Segment Start: Provided records

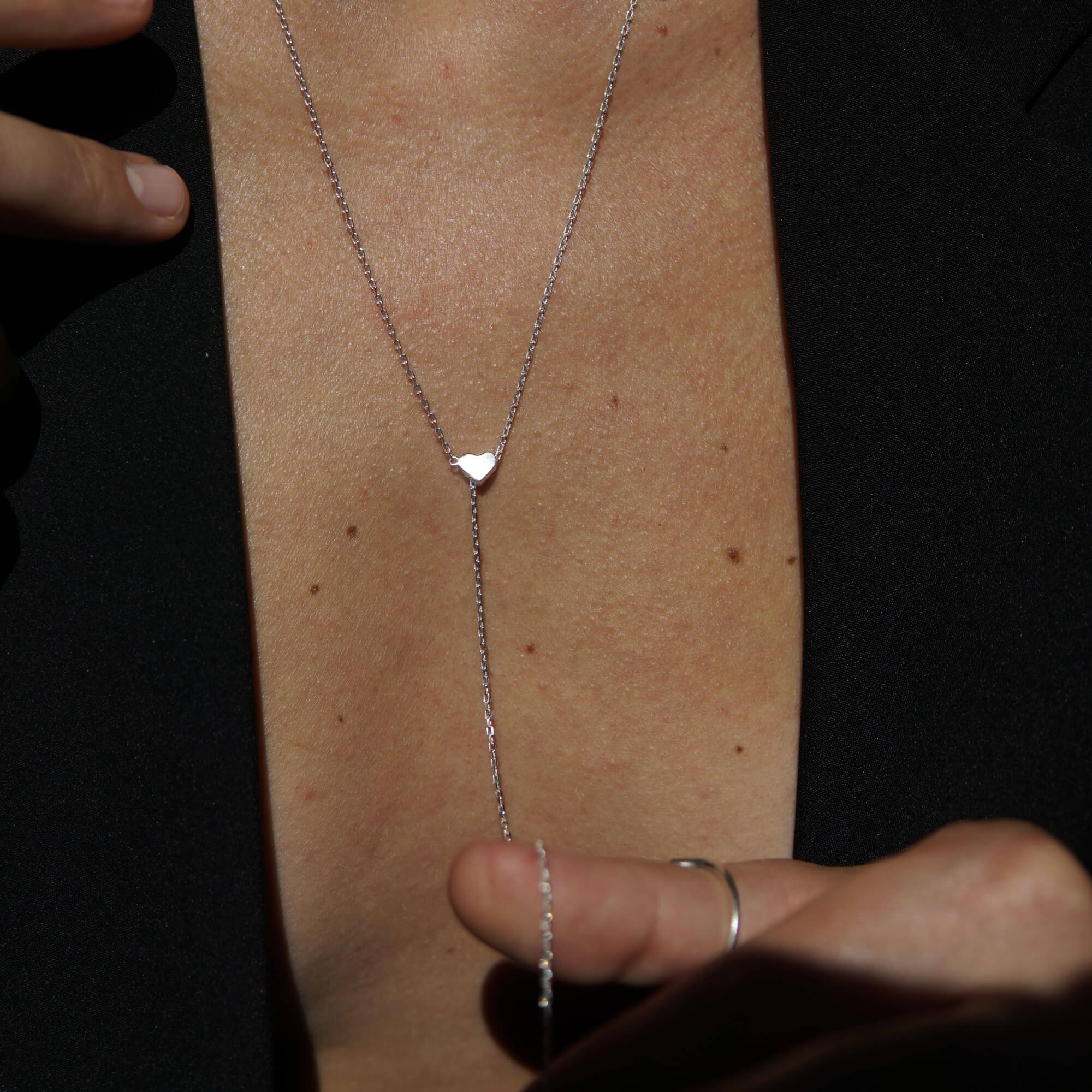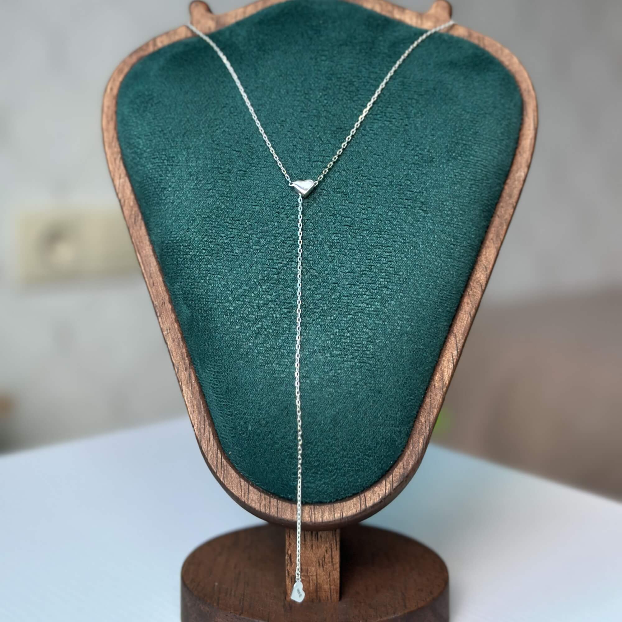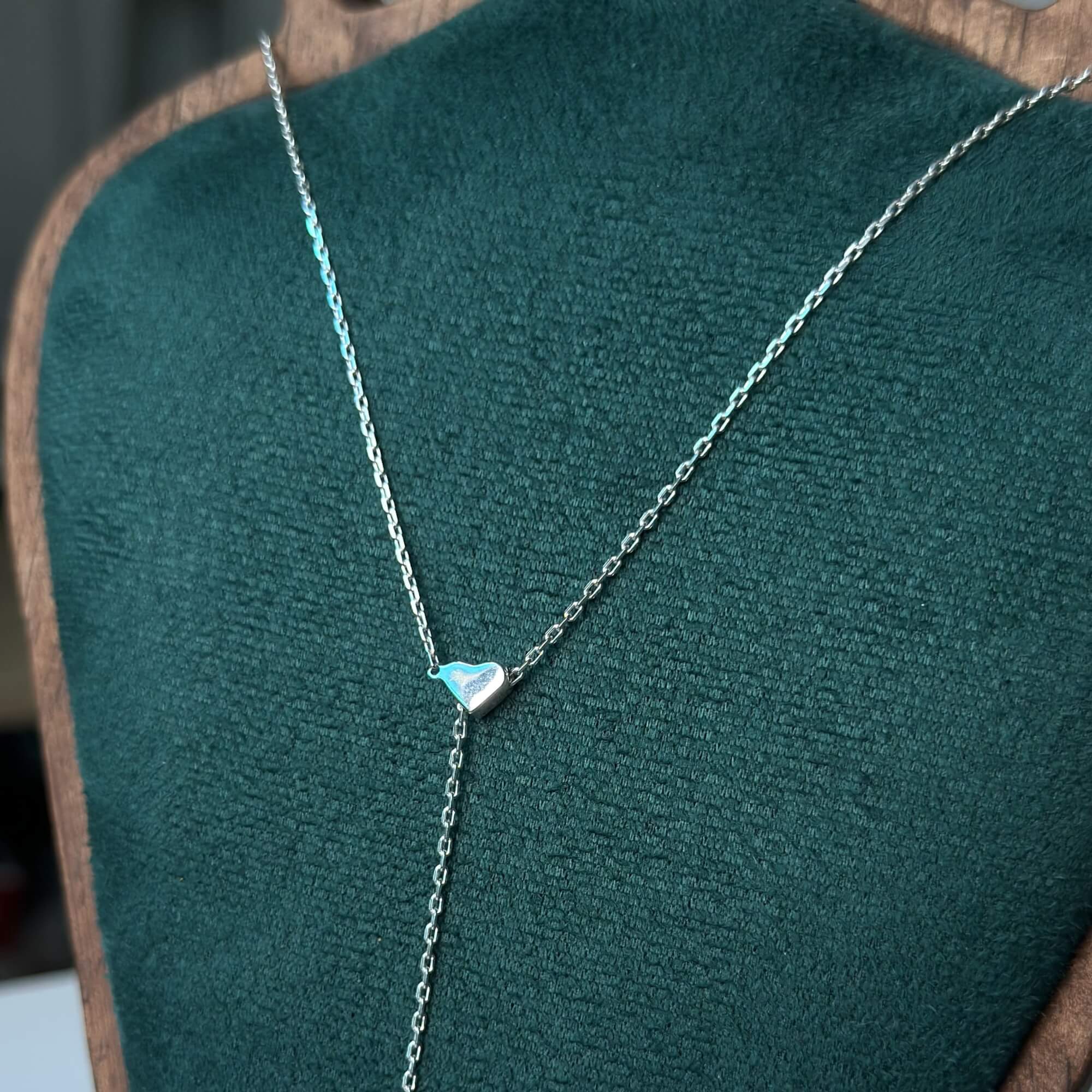 Срібна підвіска-краватка з сердечком, що регулюється — це прикраса, яка поєднує романтичну символіку та сучасну універсальність. Її дизайн натхненний формою краватки, що елегантно спадає вздовж шиї, витягує силует і додає образу вишуканої вертикальної лінії. Центральний акцент — мініатюрне сердечко, яке м’яко вловлює світло та привертає погляд.
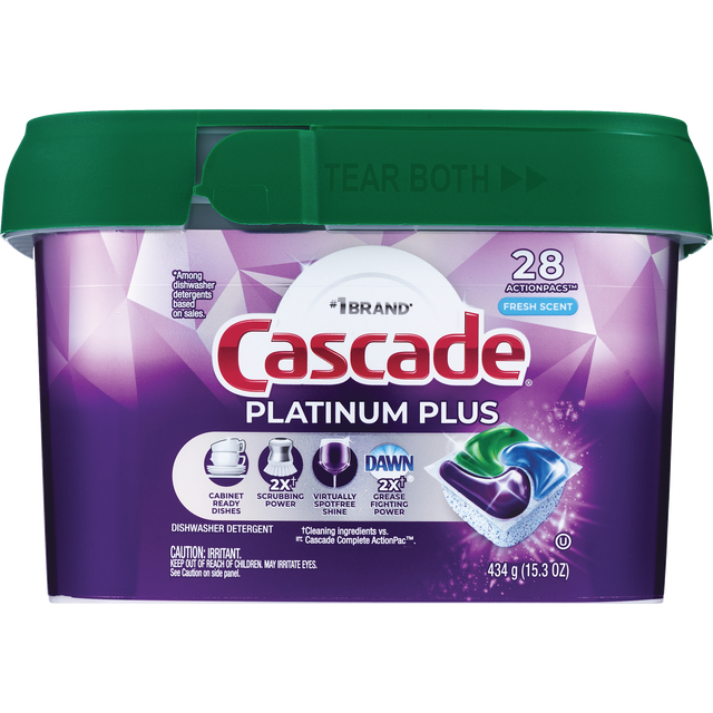 Cascade Platinum Plus ActionPacs dishwasher detergent gives your dishes a breakthrough, cabinet ready clean. Loaded with 2X* the Dawn grease fighting power, and 2X* the food scrubbing power, it has so…
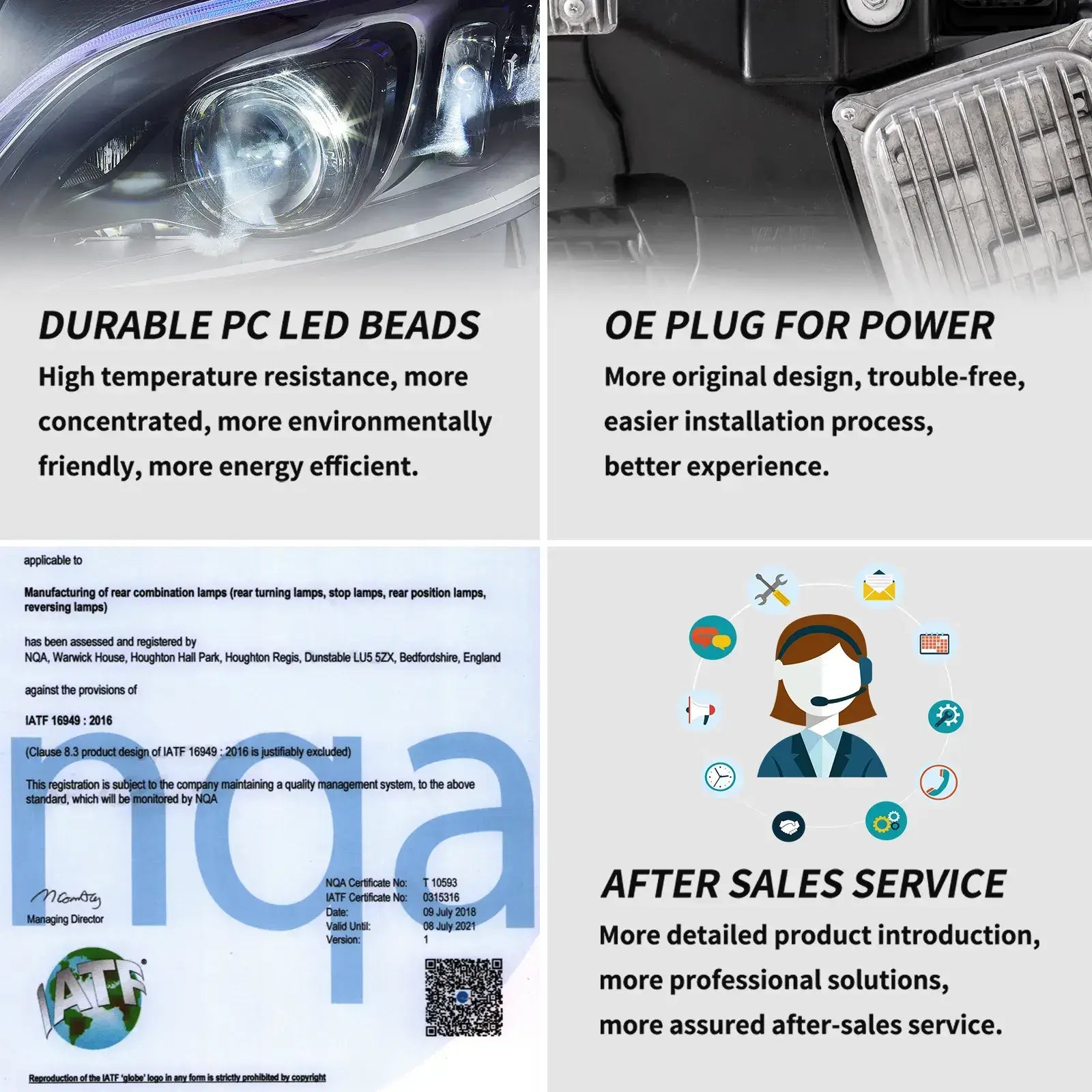 Direct OEM-style full-LED headlamps for the 4th-gen C-Class W205 Coupe & Cabriolet. Bright low/high beams, crisp white LED DRL with start-up animation, and amber sequential turn signals. Plug-and-play with factory connectors.
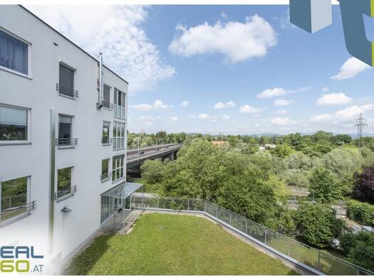 KUBUS - BÜRO - MODERN - PARKEN QUICKFACTS Nutzfläche gesamt: ca. 114 m² Raumaufteilung: Siehe Plan Stockwerk: 1. OG Parkplätze: 1 TG Parkplatz mit Ladeanschluss, Besucherparkplätze Loggia: ca. 6,88 m...
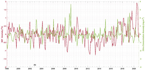 Figure 6. Time series anomalies of SST (red line) and Chl-a concentration (green line) for (a) the Arabian Gulf and (b) the Gulf of Oman between 1998 and 2020.
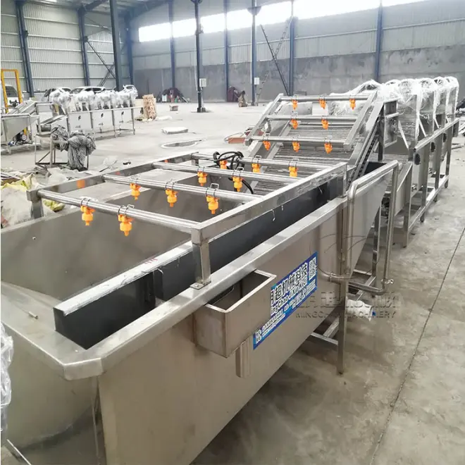 清洗风干线中带有喷淋装置,可清洗不同的水果,达到洁净的清洗洁净。整机采用304不锈钢材质制作,在工作的情况下,水流冲翻浪的状态,模拟手工清洗可有效将果蔬清洗干净,不会损伤果蔬的表皮,上部设有高压喷淋,可将漂浮在表面的果蔬冲击到底部然后通过底部的漩涡气泵将蔬菜再冲上来,这样来回清洗,达到了果蔬清洁度,减少了人力成本,降低了劳动强度,性能稳定。该机自动化程度高,可配套流水线使用。气泡喷淋清洗机主要适用于红枣 白菜 大葱 小葱 洋葱 西兰花 菜花 芥蓝 西芹 莴笋 紫甘蓝 小乳瓜 苦瓜 丝瓜 黄瓜 冬瓜 笋瓜 小米椒 螺丝椒 大炮 二炮 线椒 彩椒 尖椒 红美人 绿美人 四季豆 豆角 荷兰豆 甜豆 豇豆 豆王 圆茄 长茄 茄王 佛手瓜 西红柿。
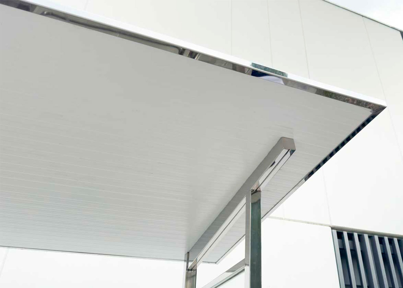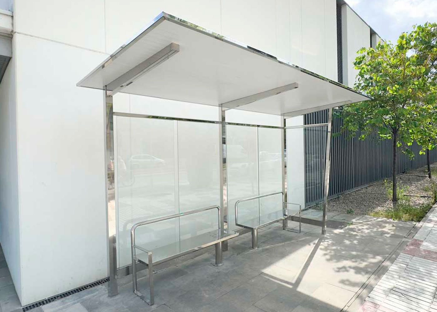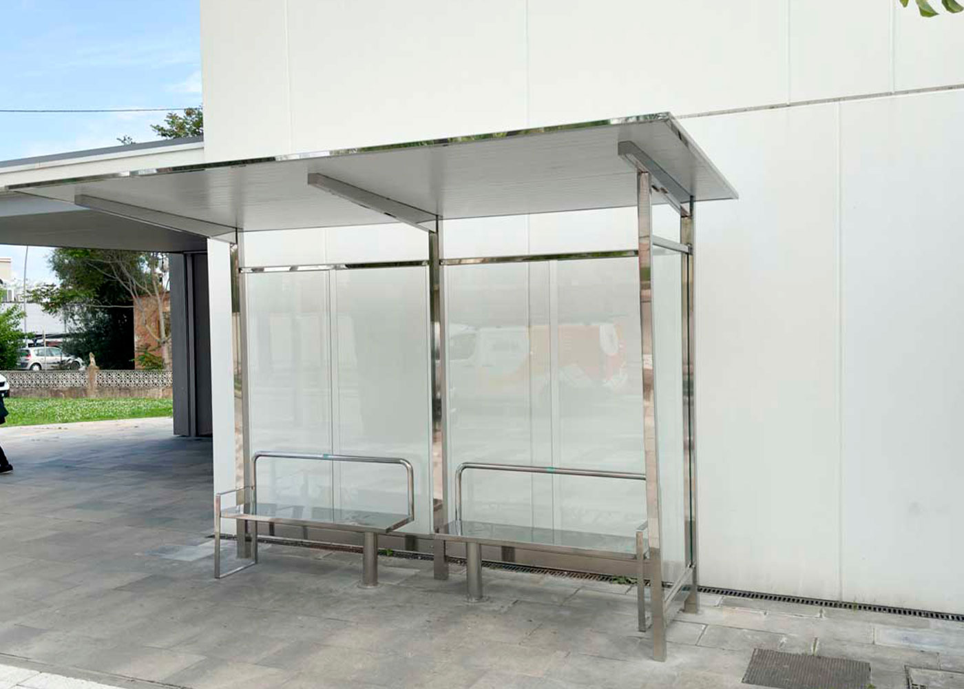 Marquesina con banco sin laterales STIL, medidas totales (largo x ancho x alto) 4000x2696x2020 mm, fabricada en acero inoxidable AISI-304 pulido brillante, con banco sin laterales. Panel tejado (inyectado poliuretano galvanizado y prelacado) con tres pilares de 80x80 mm, soporte para su fijación con escuadras y perfiles horizontales para cerramiento con cristal laminado de seguridad. Entregado en kit con accesorios e instrucciones de montaje. Anclaje recomendado: empotramiento en el suelo.
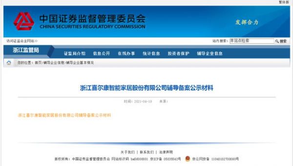 (本文转自卫浴头条网)据中国证监会浙江监管局消息称,浙江喜尔康智能家居有限公司(下称“喜尔康”)已同安信证券签署上市辅导协议,并于4月19日在浙江证监局完成备案。辅导时间约为2021年4月至2021年10月。

Segment End: Provided records

§ Problem details
Line by line, return the listing above exactly, dropping every picture.

§ Task output
 Срібна підвіска-краватка з сердечком, що регулюється — це прикраса, яка поєднує романтичну символіку та сучасну універсальність. Її дизайн натхненний формою краватки, що елегантно спадає вздовж шиї, витягує силует і додає образу вишуканої вертикальної лінії. Центральний акцент — мініатюрне сердечко, яке м’яко вловлює світло та привертає погляд.
 Cascade Platinum Plus ActionPacs dishwasher detergent gives your dishes a breakthrough, cabinet ready clean. Loaded with 2X* the Dawn grease fighting power, and 2X* the food scrubbing power, it has so…
 Direct OEM-style full-LED headlamps for the 4th-gen C-Class W205 Coupe & Cabriolet. Bright low/high beams, crisp white LED DRL with start-up animation, and amber sequential turn signals. Plug-and-play with factory connectors.
 KUBUS - BÜRO - MODERN - PARKEN QUICKFACTS Nutzfläche gesamt: ca. 114 m² Raumaufteilung: Siehe Plan Stockwerk: 1. OG Parkplätze: 1 TG Parkplatz mit Ladeanschluss, Besucherparkplätze Loggia: ca. 6,88 m...
 Figure 6. Time series anomalies of SST (red line) and Chl-a concentration (green line) for (a) the Arabian Gulf and (b) the Gulf of Oman between 1998 and 2020.
 清洗风干线中带有喷淋装置,可清洗不同的水果,达到洁净的清洗洁净。整机采用304不锈钢材质制作,在工作的情况下,水流冲翻浪的状态,模拟手工清洗可有效将果蔬清洗干净,不会损伤果蔬的表皮,上部设有高压喷淋,可将漂浮在表面的果蔬冲击到底部然后通过底部的漩涡气泵将蔬菜再冲上来,这样来回清洗,达到了果蔬清洁度,减少了人力成本,降低了劳动强度,性能稳定。该机自动化程度高,可配套流水线使用。气泡喷淋清洗机主要适用于红枣 白菜 大葱 小葱 洋葱 西兰花 菜花 芥蓝 西芹 莴笋 紫甘蓝 小乳瓜 苦瓜 丝瓜 黄瓜 冬瓜 笋瓜 小米椒 螺丝椒 大炮 二炮 线椒 彩椒 尖椒 红美人 绿美人 四季豆 豆角 荷兰豆 甜豆 豇豆 豆王 圆茄 长茄 茄王 佛手瓜 西红柿。
 Marquesina con banco sin laterales STIL, medidas totales (largo x ancho x alto) 4000x2696x2020 mm, fabricada en acero inoxidable AISI-304 pulido brillante, con banco sin laterales. Panel tejado (inyectado poliuretano galvanizado y prelacado) con tres pilares de 80x80 mm, soporte para su fijación con escuadras y perfiles horizontales para cerramiento con cristal laminado de seguridad. Entregado en kit con accesorios e instrucciones de montaje. Anclaje recomendado: empotramiento en el suelo.
 (本文转自卫浴头条网)据中国证监会浙江监管局消息称,浙江喜尔康智能家居有限公司(下称“喜尔康”)已同安信证券签署上市辅导协议,并于4月19日在浙江证监局完成备案。辅导时间约为2021年4月至2021年10月。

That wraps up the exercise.